TEXAS LAST MEAL
Rex Mays
September 24, 2002
LAST MEAL: Scrambled eggs with shredded cheese, cream gravy, hash browns, pan sausage, orange juice and milk.
No clowning around...execution #800!
The skinny: Warning: Gacy/Pogo Alert! Mays, who occasionally earned money performing as Uh-Oh the Clown and dressed as Santa Claus and the Easter Bunny parked his car a few blocks from home the day of the killings, choosing to walk home so he could think about how to tell his wife he had lost his job. He stopped outside the Wiley home, where 10-year-old Kristin's mother was down the street visiting with a neighbor. Music from a stereo was blaring and he followed the sounds to a bedroom, where the girl was with her younger friend. She refused his request to turn down the volume. "Here I had just gotten fired and some kid's telling me, 'No,'" he said in the confession. He went to the kitchen, the girls behind him telling him to leave. "It was just like something came over me," he said, explaining how he grabbed a knife and turned toward the children, who screamed and ran to a bedroom. He followed and killed them, "still feeling badly about how my day had gone," he said in the confession.

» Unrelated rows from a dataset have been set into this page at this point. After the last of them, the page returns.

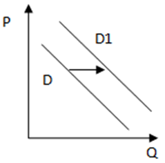 На рисунке отражена ситуация на рынке овощей и фруктов: линия спроса D переместилась в новое положение D1 (P – цена товара, Q – объем спроса товара).
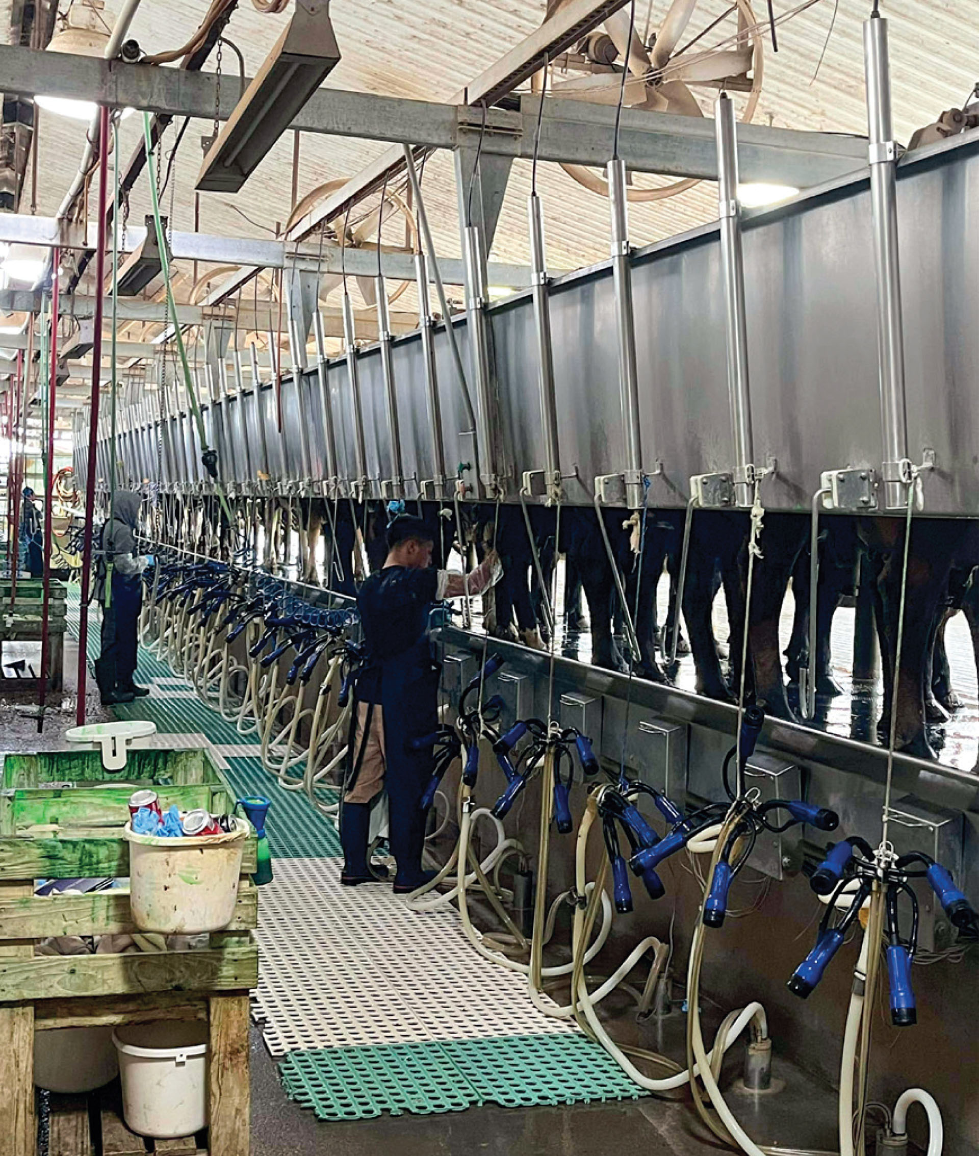 Josh kjenner godt fordelene med NRF, men stiller også noen klare krav for å lykkes med salget. Nummer én er melkeytelse, og der har han hatt flere gode okser opp gjennom. Dessuten, i et opplegg med manuell melking av lange rekker med kuer, er det viktig med konformitet – man kjører med en eller to okser på hele besetningen for å få minst mulig variasjon mellom individene. - Det handler om muskelminne, sier Josh til oss mens vi ser på budeiene som mjølker rekker med 40 kyr om gangen. Det går i full fart. Med besetninger på 2 000 mjølkekyr og mer, må opplegget være rasjonelt. I en slik besetning skjer vurderingene mindre på individnivå enn vi er vant til. Kontinuerlig mjølking gjennom døgnet med to halvtimes avbrudd for å vaske systemet – hvert dyr mjølkes tre ganger. Mannskapene går på skift.
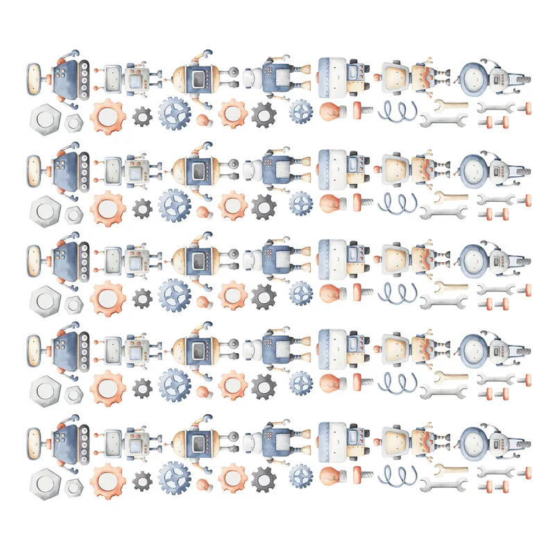 הכניסו עתיד וטכנולוגיה לחדר הילדים עם מדבקות קיר רובוטים בצבעי פסטל רכים. כולל רובוטים חמודים, גלגלי שיניים, ברגים וכלי עבודה ליצירת מראה משחקי ומעורר דמיון. מתאים במיוחד לחדרי ילדים, פינות יצירה, חדרי משחקים וגני ילדים.
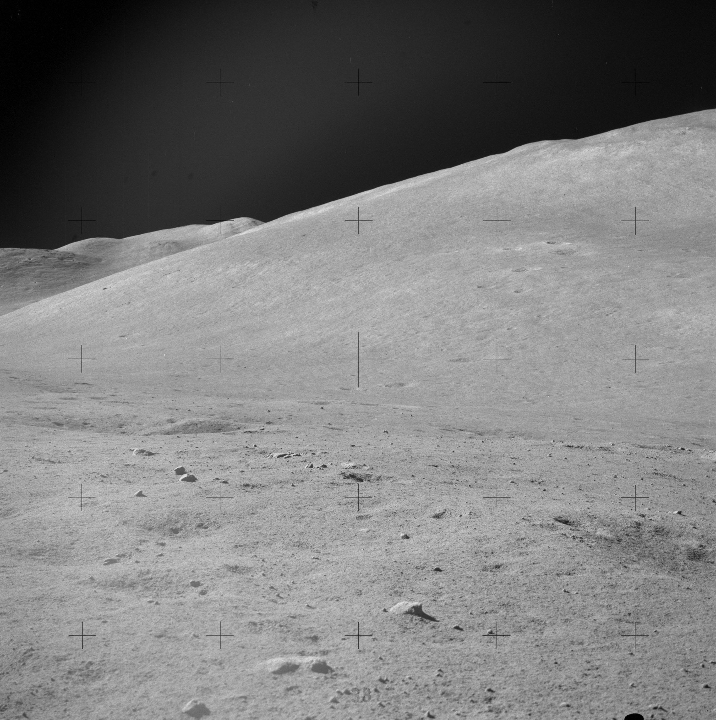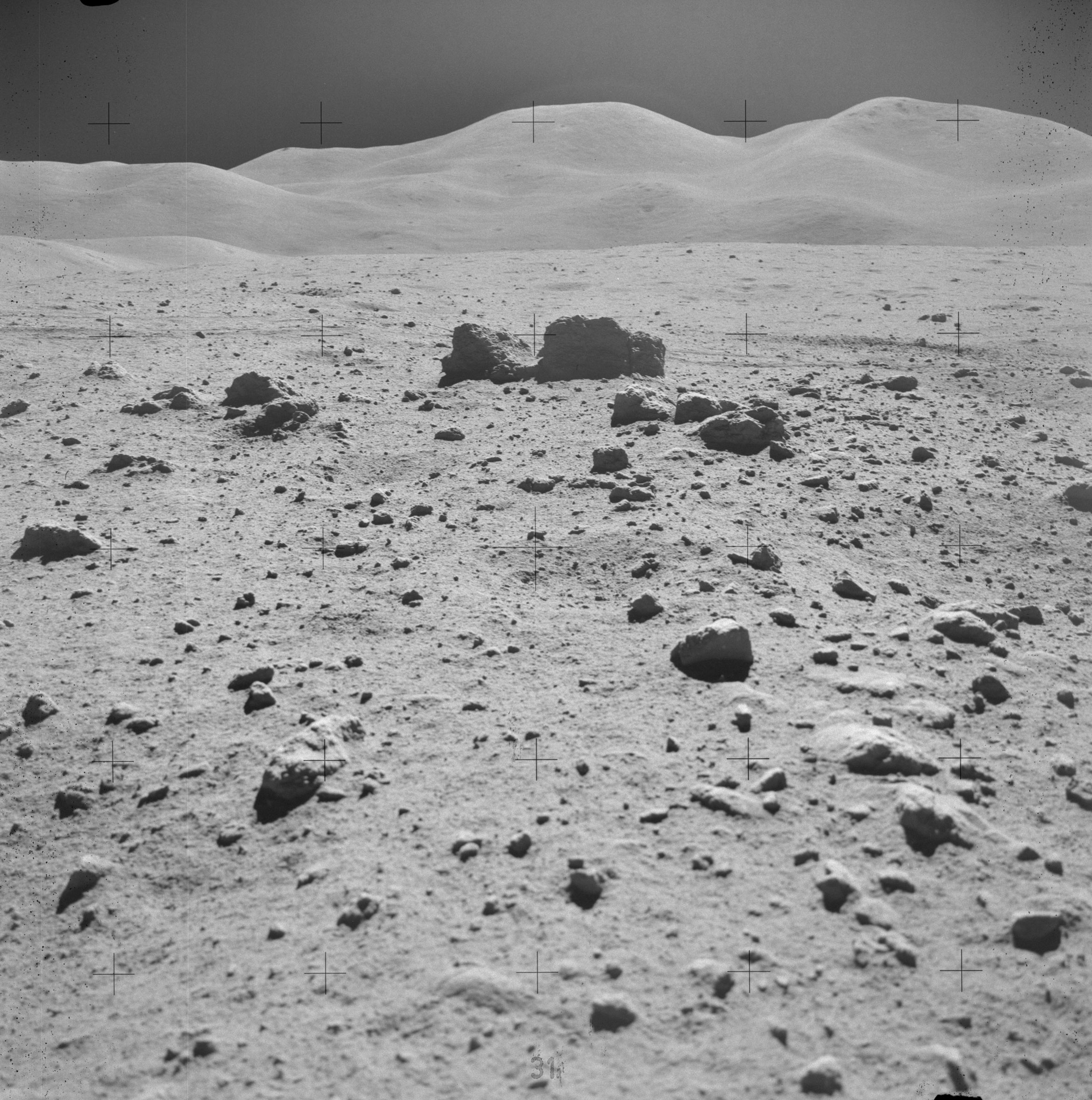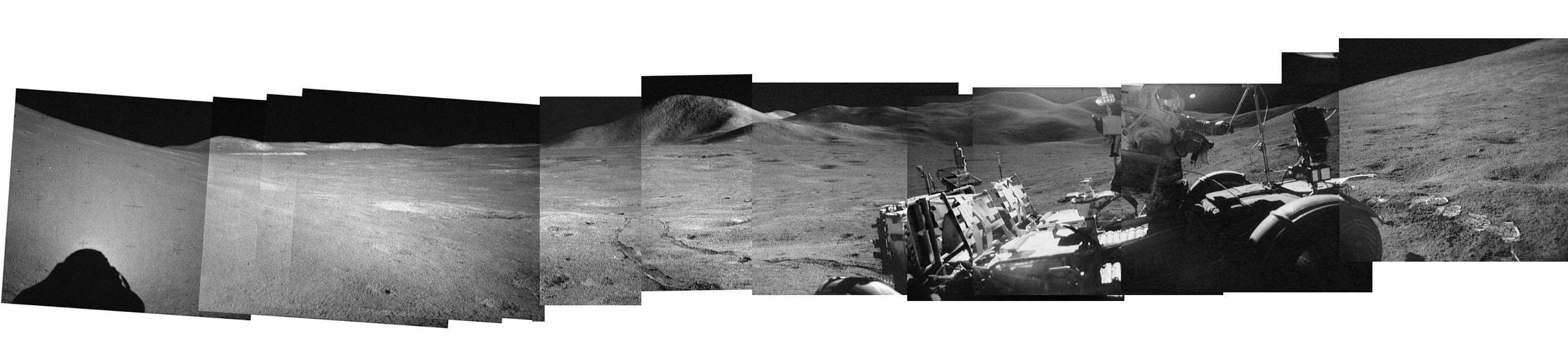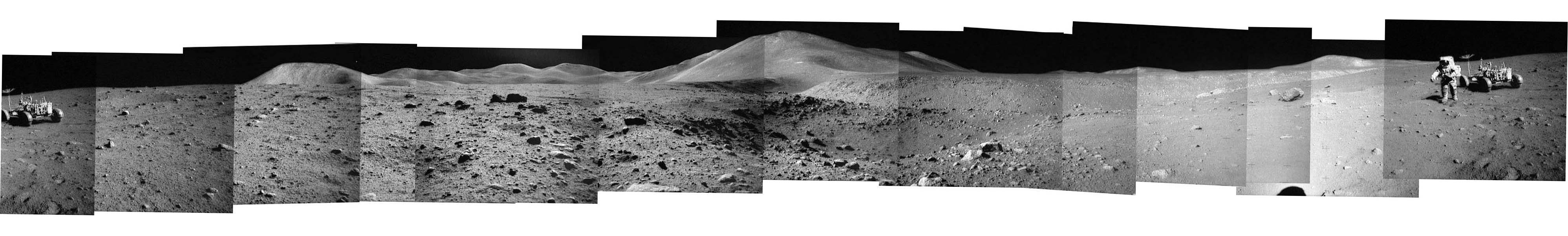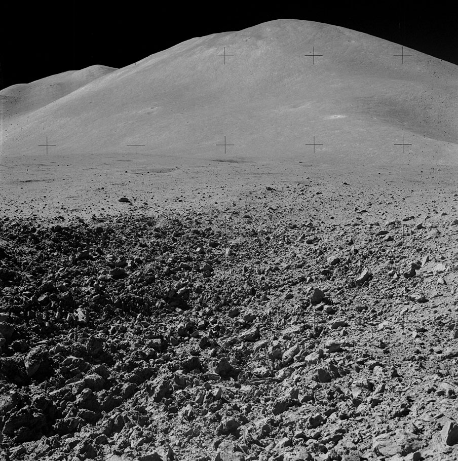 The frames are AS15-85- 11353 to 11382. Assembled by Dave Byrne.106:56:54 SEVA 500-mm Pan of Hill 305 ( 52k )Full resolution assemblies of the northern portion ( 1.5 Mb ), eastern portion ( 3.1 Mb ), and southern portion ( 2.5 Mb ) by Eric Jones.
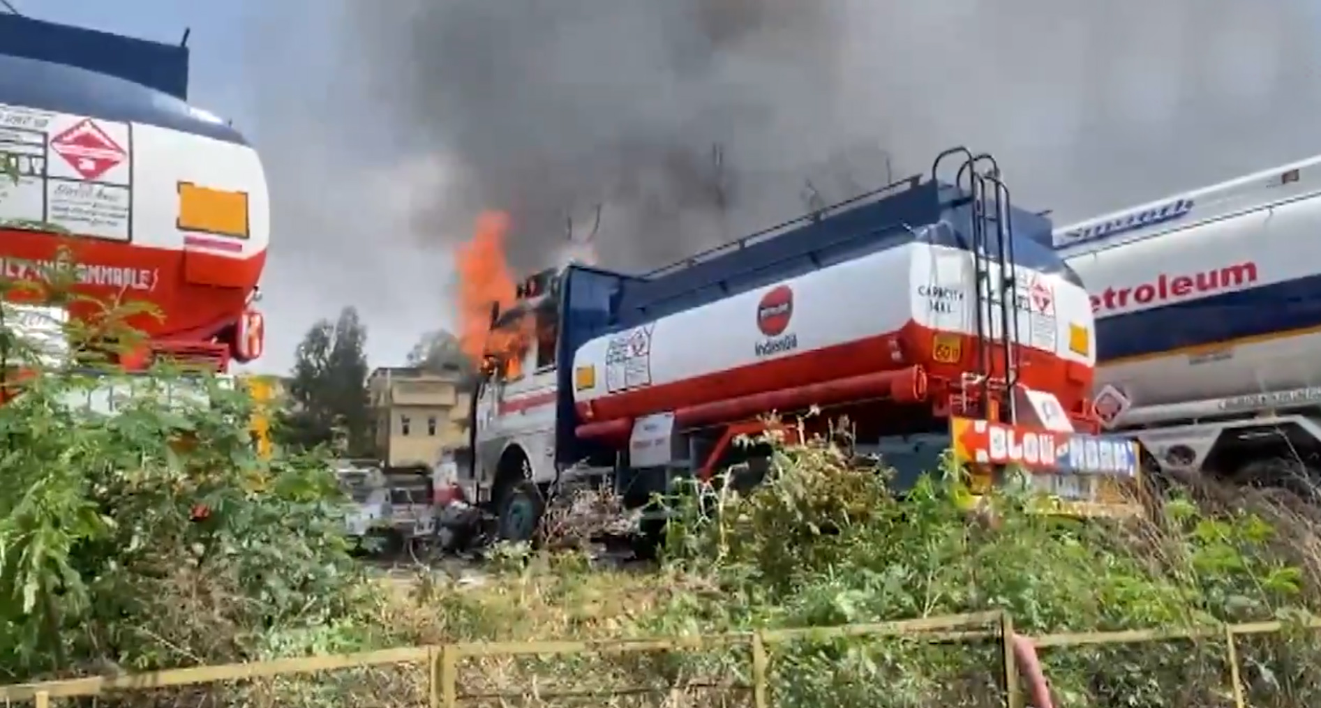 Two tankers containing lesser quantities of oil were gutted in the blaze after they burst into flames, they added.
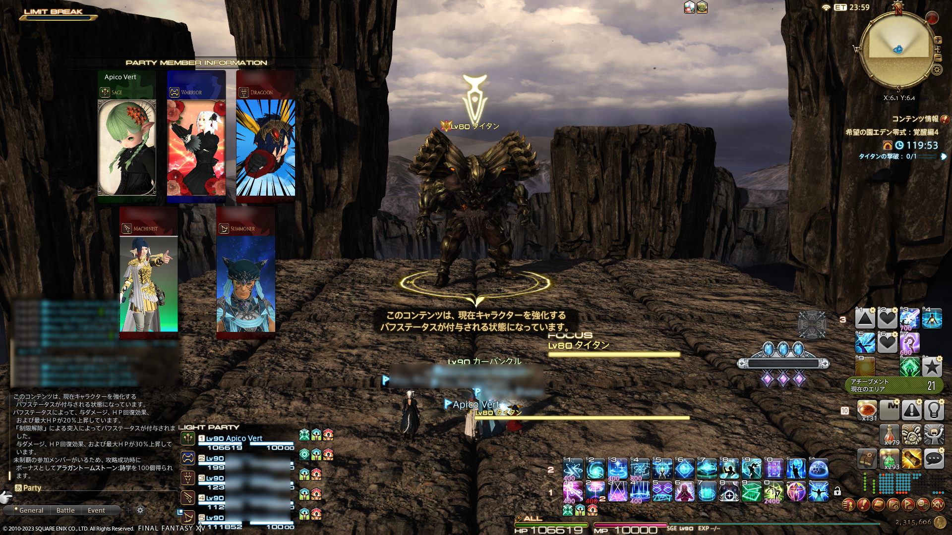 前にも挑戦はしていたのですが、全然勝てる気がしなくって…。でも、装備のILvも上がっているしどうかなーと。以前挑戦したときと間が空いたので、割と忘れちゃってたところも多いけど、徐々に思い出し…。
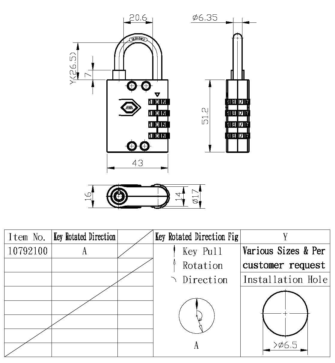 3.Shackle diameter: dia 6.35mm
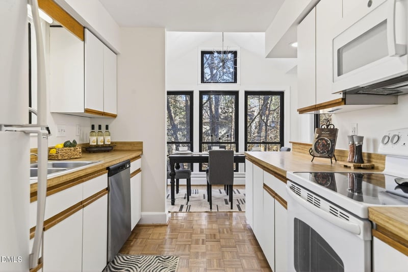 Listing details for 16 Stillwater Pk, Durham, NC 27707 : The moment you open the door, you'll know this home is something special! This fresh and spunky 2-bedroom, 2-bath condo has been thoughtfully updated with new LVP flooring, fresh paint, smooth ceilings (no popcorn!), and stylish new lighting throughout. Natural light pours into every room! The living space features a real wood-burning fireplace with a charming brick surround and built-ins, creating a cozy focal point. A sunny dining nook feels just right for morning coffee or relaxed dinners. Both oversized bedrooms are true ensuites with generous closets!Step onto the covered balcony to enjoy peaceful, wooded views and the simple pleasure of listening to the birds chirp, plus the convenience of an outdoor storage room. Washer, dryer, and refrigerator are all included. Just steps from the community pool and perfectly positioned to walk to Harris Teeter, Fresh Market, Target, restaurants, shops, and more—this home is also on the Durham GoRoute and an easy bike ride to Duke University.
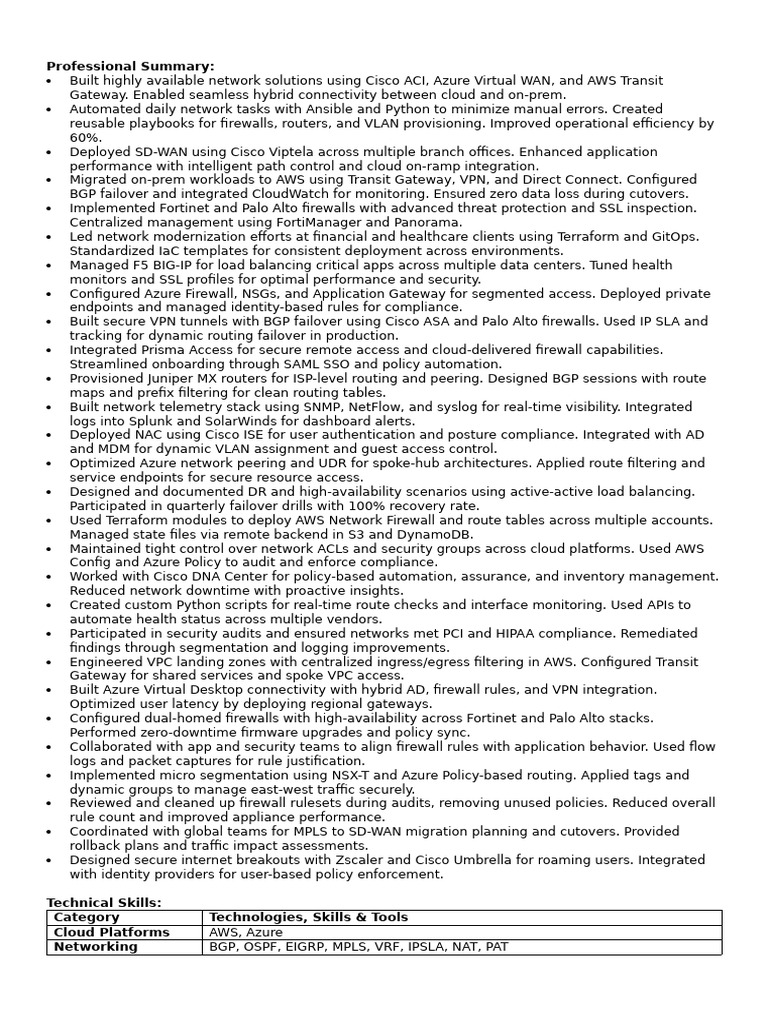 SolarWinds, BGP, VPN, VRF, VLAN, Ansible, Python, Panorama, IAM, Security Groups, ACLs, NAT, DNS,
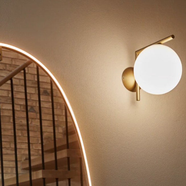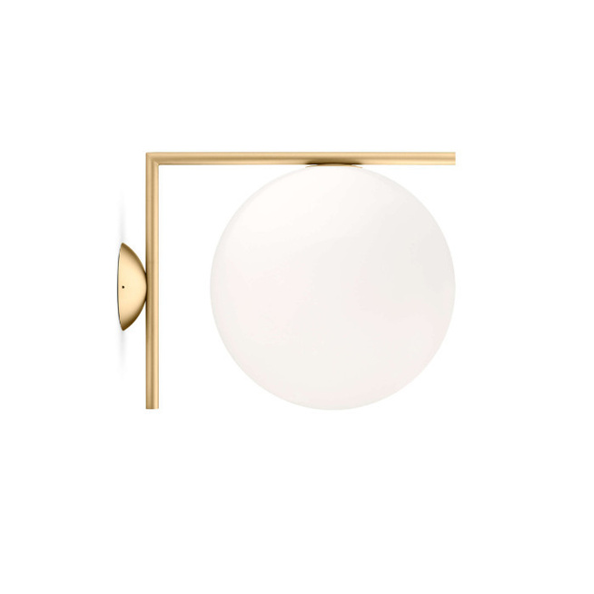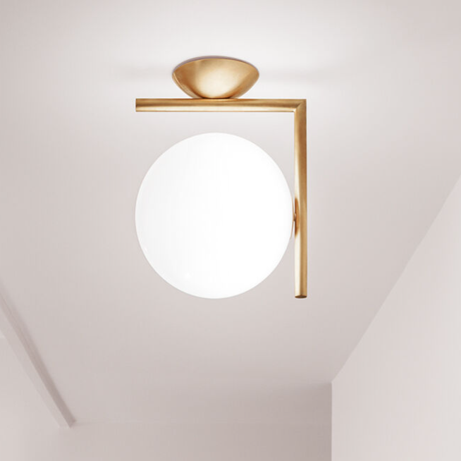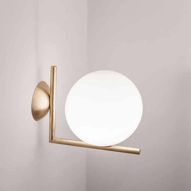 - Lampa ścienno-sufitowa IC Lights wyróżnia się minimalistycznym designem, który łączy elegancką mosiężną ramę z idealnie kulistym kloszem. Ten model dodaje wnętrzu subtelnego, nowoczesnego uroku.
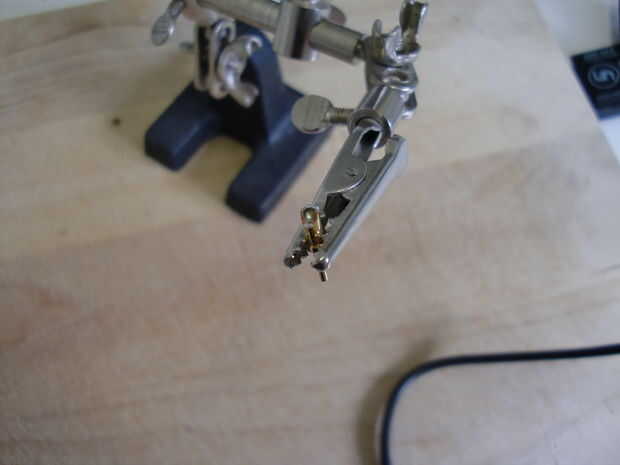 El método para el montaje de la toma dependerá de la marca y el modelo que utilizas. Con la serie de Bucanero Bulgin conectores que he elegido, el perno debe ser soldado al cable y luego insertado en la carcasa del enchufe/del zócalo.
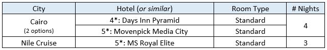 - Domestic airfare (Cairo > Aswan -- Luxor > Cairo) and any accompanying taxes & fees

Then he went home, changed shirts before greeting his wife, and took a shower, telling his wife he had just seen someone run through the yard.
DEMENTED: As police swooped into the northwest Harris County neighborhood that July afternoon, Mays grabbed a lawn chair and sat outside to watch the scene. Interviewed by detectives, he said he saw two men scaling a backyard fence during the time the girls would have been killed. It was pursued as the first lead in the case. "That turned out to be a lie," McClellan said.
Despite a reward fund that grew to at least $25,000 and a billboard campaign that kept the two girls in the public eye, it wasn't until more than a year later after a Harris County sheriff's detective befriended Mays as part of the investigation that Mays cracked.
DOOFUS: Mays had no previous criminal record but acquaintances described him as a bad-tempered liar and braggart. A co-worker called him a "doofus, ... creepy but harmless."
Final Moments: While strapped to the gurney in the death chamber, Mays gave a final statement that touched on his religious beliefs and thanked his supporters. He did not apologize to the relatives of the victims, who were present. "Warden, just give me parole and let me go home to be with the lord," Mays said just before the lethal drugs were injected into his veins.
Factoids: The execution of Rex Mays was the 800th in the U.S. since the Supreme Court lifted a national death penalty ban in 1976. Mays was the 27th person executed this year in Texas, the nation's death penalty leader, and the 283rd since it resumed capital punishment in 1982.